И тут из бараков посыпались женщины.

— Айда, девчонки! — орали на бегу. — Ломы! Ломы одни останутся.

— Давай, куры! Лопат не хватит!

— Кончай ночевать! Кирки и тяжелые!

Полуторки враз облепили, как автолавки с мануфактурой.

«Вот те на!» — подумал военный. За ночь он продрог, и простреленное тело не удерживало тепла от выпитого второпях портвейна. Эту ночь он не прилег, а ездить ему — конца не видно.

— Женщины! — пробовал он перекричать толпу. — Женщины, подвиньтесь струмент скинуть!

Но голос пропадал в реве, в гоготе, в этом «айда», «валяй», «о-гой» кричавших женщин, для которых он никакое ни начальство, ни полначальства, — и военный, давясь от стыда и ярости, полез на крышу кабины.

— А ну — цыц! Соблюдай сознательность! Раз-зой-дись! — гаркнул оттуда, но станционный двор гудел, как лет тридцать назад во время забастовки. И женщины все сыпались из бараков, гулко, как картошка из бункера.

Это была железнодорожная окраина Москвы, однажды и навеки окрещенная «пересылкой». Круглый год она отправляла завербованных по найму и набранных другим путем на разные, все больше северные и сибирские стройки. Осенью отсюда уходила на действительную стриженая ребятня. А с этого лета пересылка уже трудилась для фронта. Сейчас, октябрьским знобким предрассветом, ее забили, лежа вповал, мобилизованные на окопы.

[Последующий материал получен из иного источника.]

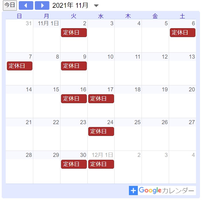 【サロン情報・定休日】2021年11月の定休日のお知らせ♪
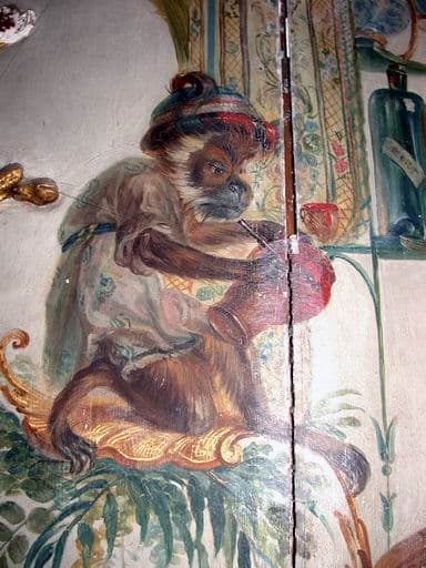 Singe peignant une céramique (état en 2005).
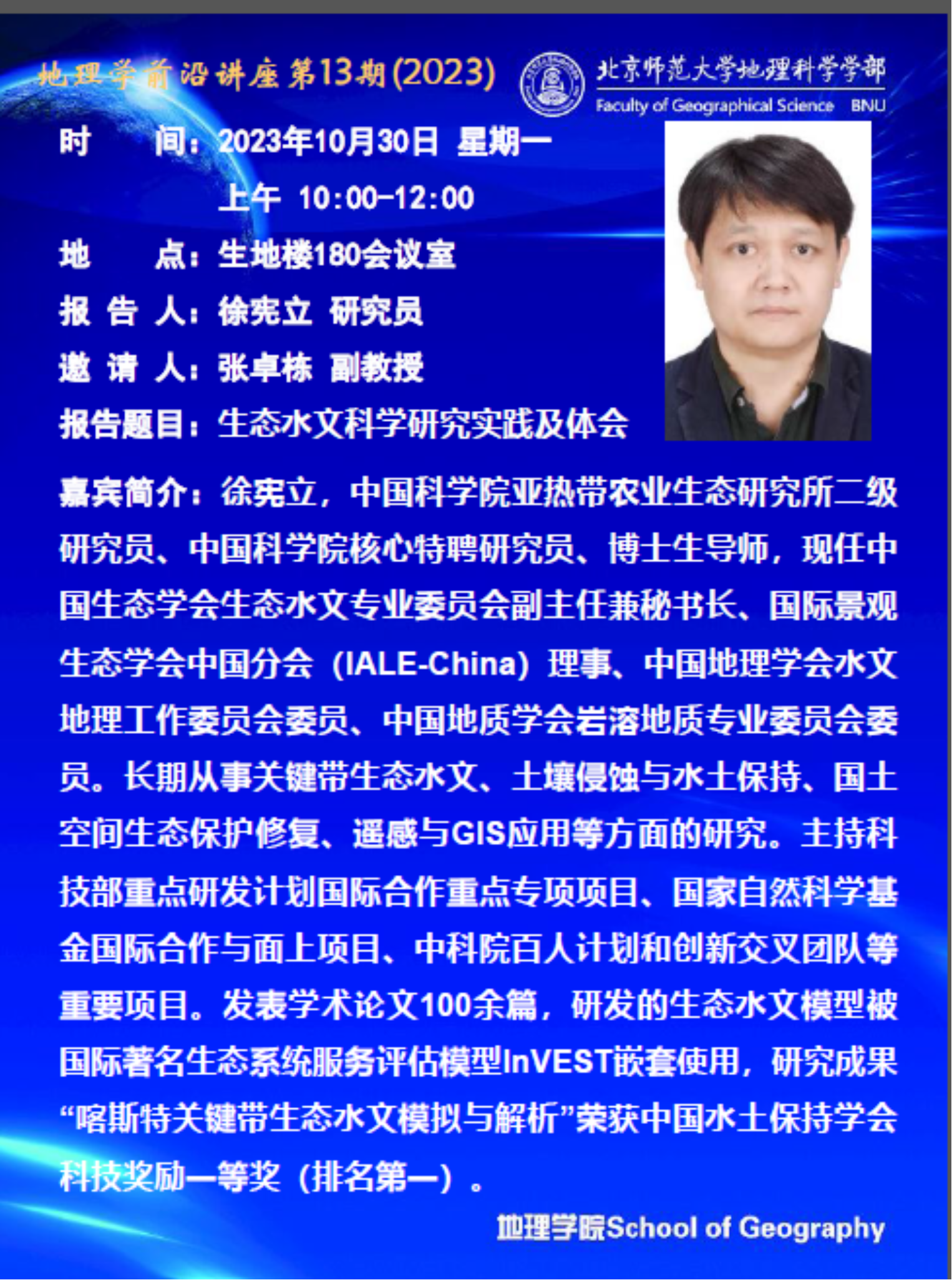 【10月30日】徐宪立 研究员,生态水文科学研究实践及体会

— Лопаты… Лопаты привезли! — разнеслось по бараку, где спала Ганя.

Тотчас захлопали двери. По доскам пола застучали башмаки, зашлепали ботики и галоши. Из щелястых окон потянуло нешуточным ветром, и Ганя проснулась.

— Да ну их, поспим лучше, — ворчали иные женщины, переваливаясь на другой бок и натягивая на голову кто мешок, кто полушалок. Тоже добро — лопаты!

— Лежи, тетка, — промычала гладкая деваха, о которую Ганя грелась ночью. — Холодно… — И, зевнув, уснула снова. Ее подружка, рыжая лядащая евреечка, что грела Ганю с другого боку, вовсе не просыпалась.

«Сознательные!» — сердито подумала Ганя. С недосыпу она была зла на весь свет, а особо на этих двух, гладкую и еврейку, которые ее вчера «сманули».

— Сглазили. У, проклятые! — скулила она, копошась на грязном холодном полу.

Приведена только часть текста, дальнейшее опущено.